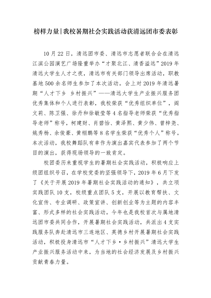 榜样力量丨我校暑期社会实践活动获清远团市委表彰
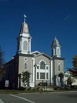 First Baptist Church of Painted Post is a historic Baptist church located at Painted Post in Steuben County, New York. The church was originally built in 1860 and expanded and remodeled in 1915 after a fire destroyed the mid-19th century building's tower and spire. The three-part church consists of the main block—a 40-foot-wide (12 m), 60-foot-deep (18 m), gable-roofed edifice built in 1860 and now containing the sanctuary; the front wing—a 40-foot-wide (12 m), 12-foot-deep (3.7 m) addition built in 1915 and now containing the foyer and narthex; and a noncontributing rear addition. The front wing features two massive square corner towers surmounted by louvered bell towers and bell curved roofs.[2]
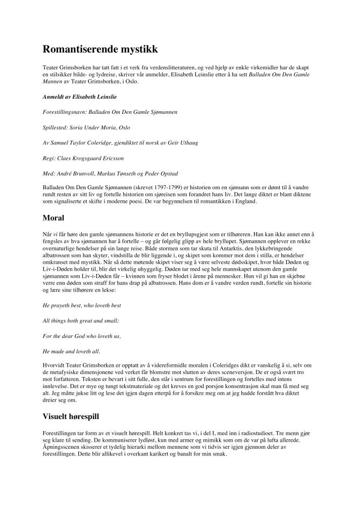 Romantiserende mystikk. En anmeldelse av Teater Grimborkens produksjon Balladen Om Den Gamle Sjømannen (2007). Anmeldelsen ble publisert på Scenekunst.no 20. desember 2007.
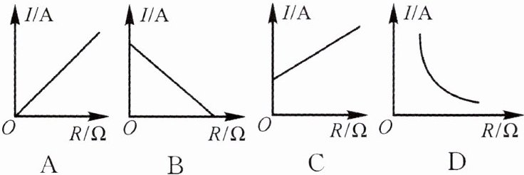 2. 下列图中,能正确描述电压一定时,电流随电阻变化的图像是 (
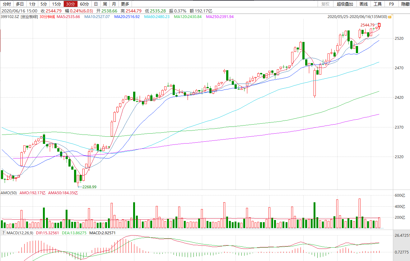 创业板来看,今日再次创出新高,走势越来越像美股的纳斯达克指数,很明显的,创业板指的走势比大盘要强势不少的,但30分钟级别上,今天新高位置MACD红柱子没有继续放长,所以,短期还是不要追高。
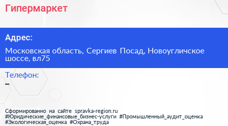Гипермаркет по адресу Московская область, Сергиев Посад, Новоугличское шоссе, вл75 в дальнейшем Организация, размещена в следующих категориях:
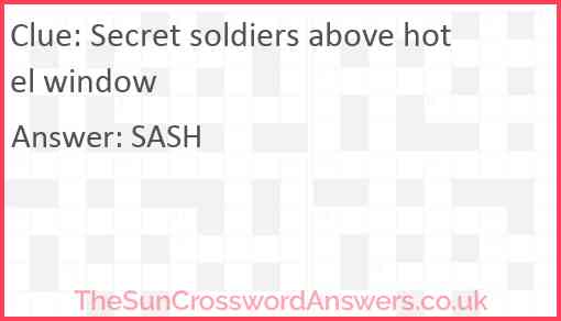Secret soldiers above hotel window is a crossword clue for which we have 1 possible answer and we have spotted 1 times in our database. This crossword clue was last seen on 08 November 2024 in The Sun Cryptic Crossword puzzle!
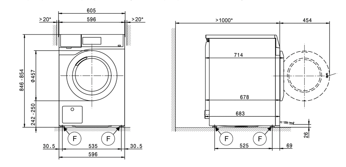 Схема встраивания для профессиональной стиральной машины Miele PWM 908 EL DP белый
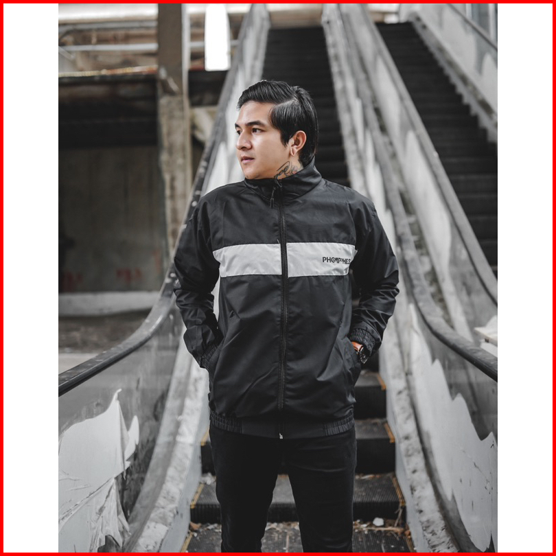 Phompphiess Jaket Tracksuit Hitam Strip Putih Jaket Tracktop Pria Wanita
---
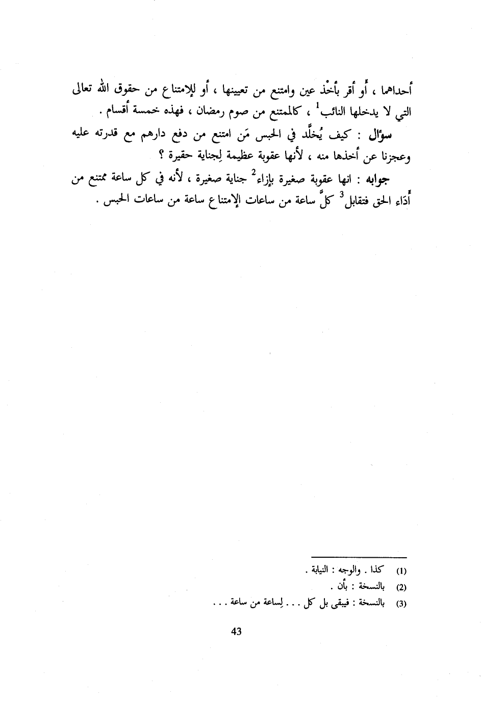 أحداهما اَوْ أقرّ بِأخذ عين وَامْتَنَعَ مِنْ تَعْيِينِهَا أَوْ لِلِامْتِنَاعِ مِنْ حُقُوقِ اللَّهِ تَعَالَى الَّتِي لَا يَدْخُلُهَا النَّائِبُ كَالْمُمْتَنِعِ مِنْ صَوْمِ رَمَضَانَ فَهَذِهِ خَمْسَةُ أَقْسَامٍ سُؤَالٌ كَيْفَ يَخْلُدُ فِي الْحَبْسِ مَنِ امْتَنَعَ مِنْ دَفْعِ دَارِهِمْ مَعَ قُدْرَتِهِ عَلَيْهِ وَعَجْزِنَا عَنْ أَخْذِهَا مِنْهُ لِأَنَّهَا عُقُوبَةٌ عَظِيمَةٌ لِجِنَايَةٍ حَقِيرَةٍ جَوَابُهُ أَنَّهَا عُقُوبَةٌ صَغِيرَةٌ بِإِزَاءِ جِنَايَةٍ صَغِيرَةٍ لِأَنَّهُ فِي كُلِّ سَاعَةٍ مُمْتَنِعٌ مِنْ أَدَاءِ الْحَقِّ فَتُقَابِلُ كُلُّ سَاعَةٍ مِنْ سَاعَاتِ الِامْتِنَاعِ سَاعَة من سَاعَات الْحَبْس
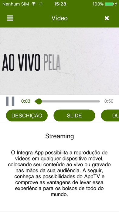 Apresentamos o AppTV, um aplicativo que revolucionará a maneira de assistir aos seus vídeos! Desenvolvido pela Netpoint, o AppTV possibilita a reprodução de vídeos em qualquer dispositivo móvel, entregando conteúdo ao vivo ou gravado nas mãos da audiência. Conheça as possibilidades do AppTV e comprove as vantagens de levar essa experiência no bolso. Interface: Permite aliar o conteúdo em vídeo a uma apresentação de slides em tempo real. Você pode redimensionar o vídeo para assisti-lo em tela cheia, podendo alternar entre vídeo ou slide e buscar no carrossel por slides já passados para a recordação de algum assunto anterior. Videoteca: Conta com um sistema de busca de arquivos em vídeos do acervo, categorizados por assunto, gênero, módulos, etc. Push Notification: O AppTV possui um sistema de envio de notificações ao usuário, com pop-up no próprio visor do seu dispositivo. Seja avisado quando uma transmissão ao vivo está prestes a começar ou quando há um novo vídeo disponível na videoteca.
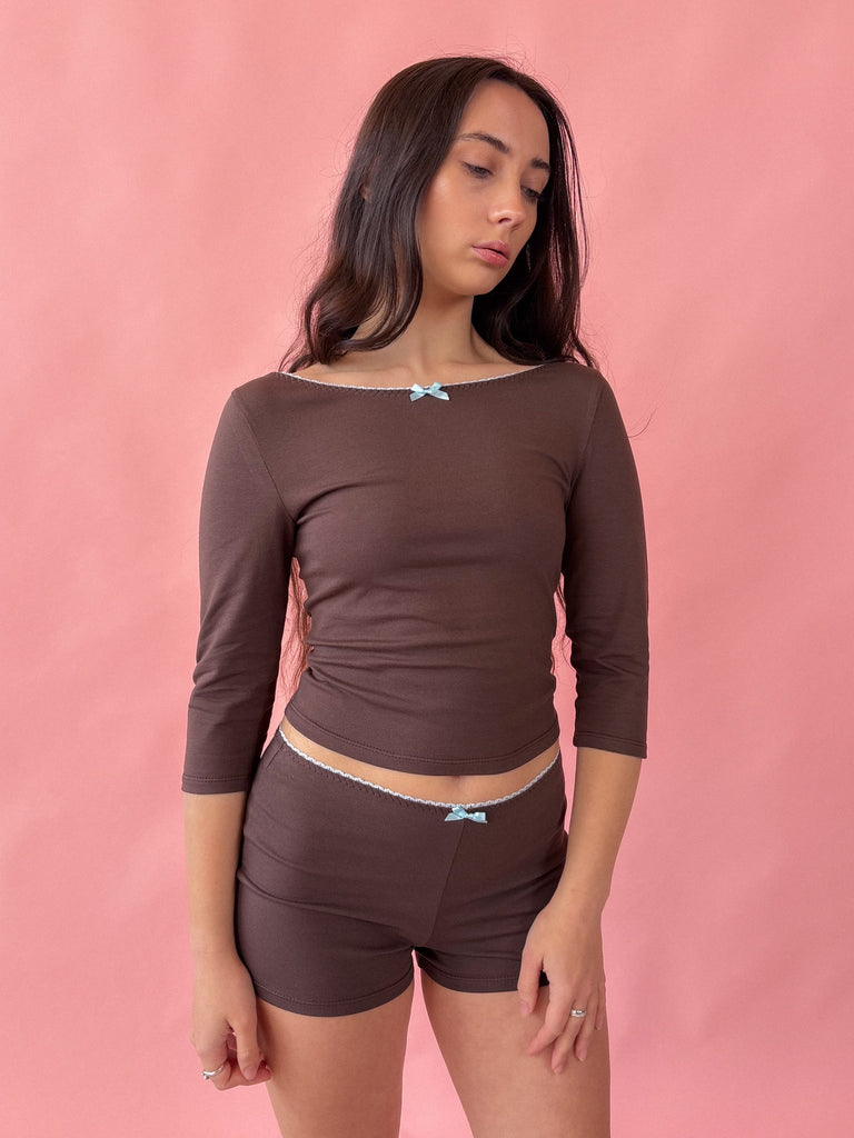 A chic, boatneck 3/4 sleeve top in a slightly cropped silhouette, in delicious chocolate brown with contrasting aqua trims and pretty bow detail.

What needs to be done = Working from the records above, set down word for word everything from the line containing "Гипермаркет по адресу" down to the line containing "Phompphiess Jaket Tracksuit", ends included, minus the pictures.

Finished exercise =
Гипермаркет по адресу Московская область, Сергиев Посад, Новоугличское шоссе, вл75 в дальнейшем Организация, размещена в следующих категориях:
Secret soldiers above hotel window is a crossword clue for which we have 1 possible answer and we have spotted 1 times in our database. This crossword clue was last seen on 08 November 2024 in The Sun Cryptic Crossword puzzle!
 Схема встраивания для профессиональной стиральной машины Miele PWM 908 EL DP белый
 Phompphiess Jaket Tracksuit Hitam Strip Putih Jaket Tracktop Pria Wanita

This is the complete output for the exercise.